MEDLINE, EMBASE, the Cochrane Library and Web of Science were searched to find the relevant papers. We identified 28 randomised controlled trials comparing GLP-1 analogues with placebo, other glucose-lowering agents, or another GLP-1 analogue, in patients with type 2 diabetes with inadequate control on a single oral agent, or on dual therapy. Primary outcomes included HbA1c, weight change and adverse events.

Results

Studies were mostly of short duration, usually 26 weeks. All GLP-1 agonists reduced HbA1c by about 1% compared to placebo. Exenatide twice daily and insulin gave similar reductions in HbA1c, but exenatide 2 mg once weekly and liraglutide 1.8 mg daily reduced it by 0.20% and 0.30% respectively more than glargine. Liraglutide 1.2 mg daily reduced HbA1c by 0.34% more than sitagliptin 100 mg daily. Exenatide and liraglutide gave similar improvements in HbA1c to sulphonylureas. Exenatide 2 mg weekly and liraglutide 1.8 mg daily reduced HbA1c by more than exenatide 10 μg twice daily and sitagliptin 100 mg daily. Exenatide 2 mg weekly reduced HbA1c by 0.3% more than pioglitazone 45 mg daily.
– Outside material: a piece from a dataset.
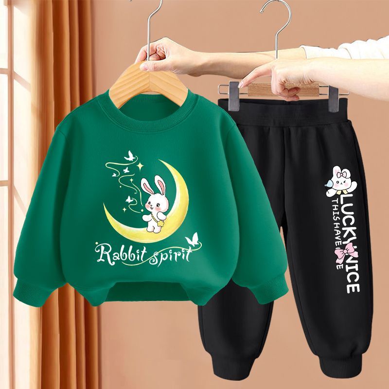 女童春秋款套装2025新款女童秋装薄款长袖秋冬装网红卡通运动套装

Exenatide and liraglutide resulted in greater weight loss (from 2.3 to 5.5 kg) than active comparators. This was not due simply to nausea. Hypoglycaemia was uncommon, except when combined with a sulphonylurea. The commonest adverse events with all GLP-1 agonists were initial nausea and vomiting. The GLP-1 agonists have some effect on beta-cell function, but this is not sustained after the drug is stopped.

Conclusions

GLP-1 agonists are effective in improving glycaemic control and promoting weight loss.

Peer Review reports

Background

Type 2 diabetes mellitus

The primary aim of treatments for type 2 diabetes is to control blood glucose and reduce the development of diabetes-associated secondary complications[1]. Over time, persistently elevated levels of plasma glucose (hyperglycaemia) lead to various microvascular (retinopathy, nephropathy and neuropathy) and macrovascular (cardiovascular diseases) complications. The risk of developing such complications is strongly associated with the period of exposure to hyperglycaemia[2].

Initially people with type 2 diabetes should be advised on lifestyle changes (weight loss, increasing physical activity, diet) and offered ongoing patient education. If the lifestyle changes fail to control blood glucose then an oral glucose-lowering agent is given, usually metformin[3]. If metformin is contraindicated or not tolerated then sulphonylureas are considered. Type 2 diabetes is usually a progressive disease, with loss of beta cell capacity[4]. Once one oral glucose-lowering agent is insufficient to provide adequate glycaemic control a second is added (usually a sulphonylurea) to the initial metformin. Some oral glucose lowering agents have significant side effects, such as weight gain and hypoglycaemia, which might affect patient compliance and therefore glycaemic control. The American Diabetes Association (ADA) and the European Association for the Study of Diabetes (EASD) suggest that an HbA1c level of >7% indicates inadequate control[5].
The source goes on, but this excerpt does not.